The words "Design System" and "adoption" in a conversation with higher-ups are inevitable. It's important in organizations where you really have to sell the value of a Design System. It makes sense they care about metrics and adoption – they want to ensure their investment is paying off.

And while I do think tracking metrics is good, I don't think it tells the full story. In my personal opinion, it's better to measure adoption visually and realistically – by going through your product and explicitly calling out the components being used. A "large number" of usage is great, but what if those pages aren't used frequently? Or what if they're "internal" pages?

Maybe these cases still speed up design and development. But I want to ensure our Design System components are front and center with our customers. That the organization is getting the most bang for their buck. And this idea of highlighting all components on a page help you tell your story on why the investment is worth it.

Rather than tallying up usages, you can show something more tangible.

An image showing Design System components highlighted on a page of an app.

"See this page? All components highlighted with a red border are our Design System components. We estimate using our components saved $x.xx/hour, etc., etc.,"

Additionally, as a visual person, I'd rather see the usage in the UI rather than look at a raw number. It's more meaningful that way. And many others feel the same way, I imagine. So go highlight them!

(I use the word "highlighting", but you can really do whatever. I've used outline or border CSS properties to do this with success. There are probably other things you can do too!)

Browser Extension

One improvement that comes to mind is turning this into a Chrome extension. Pull up a page, click the extension, and voila – see all of your components highlighted.

The advantages of this are that any non-technical person can use this tool to perform an audit. Normal coding methods require a developer. But not this! At least after it's "completed".

The disadvantage is similar to it being just a script or a development-only tool – it's time consuming. Someone has to know how to get to every single page. I'm a developer, I want to automate this!

Tie Into Existing Tests

Because Haley and I are married and both in Design Systems, we started brainstorming how we could take it one step further. Then we landed on something I quite like – tie this functionality into your existing end-to-end tests.

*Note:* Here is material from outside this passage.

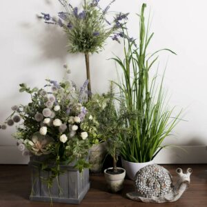 Vickerman 44″ Artificial Lavender in Cement Pot. Get the aesthetic perks of having a Lavender Plant without the hassle of keeping it fresh. This Beautiful Lavender Plant comes Fixed in a Rustic Cement Pot.

Most end-to-end tests are already navigating through your application. Maybe even going to very specific pages that may be difficult to reach, depending on the data or path to get there.

As you hit areas you care about, create a custom function that will:

  • Highlight all Design System components on a page
  • Take a screenshot
  • Turn off the highlighting

Store all of these images in a directory. Then you can provide a "report" of sorts to anyone who wants to know about Design System usage.

By tying in to your existing end-to-end tests, it means you get this auditing almost "for free". I dig it.

Now What?

After you get some of this tooling in place, you'll have a way to check which parts of the application(s) are using your Design System.

Designers won't have to guess if they see a component that looks like a Design System component, but isn't quite right. If it doesn't have a red border, it's hand-rolled! Go chat with the team about why.

You can reason about costs easier – "this non-Design System component is estimated to cost $x.xx in maintanence, but if we switch to the Design System component that goes away". And on the flip side, as mentioned above, you can estimate cost savings of building new features and applications.

It also opens the door to notice patterns in your applications. Just like going to every page manually is time consuming, it's also difficult to spot patterns by popping around the application yourself. If you have an image of every part of the application handy, although it's a lot to sort through, you could more easily recognize patterns by flipping through everything. This is probably better done in Figma using designs, but sometimes pages exist in code that don't in design. So this gives you the full view – code is the source of truth and what customers interact with at the end of the day, not your designs.

Overall, I think this goes a long way and could help teams track and measure adoption in a more meaningful way than "numbers should go up!". Let me know what you think!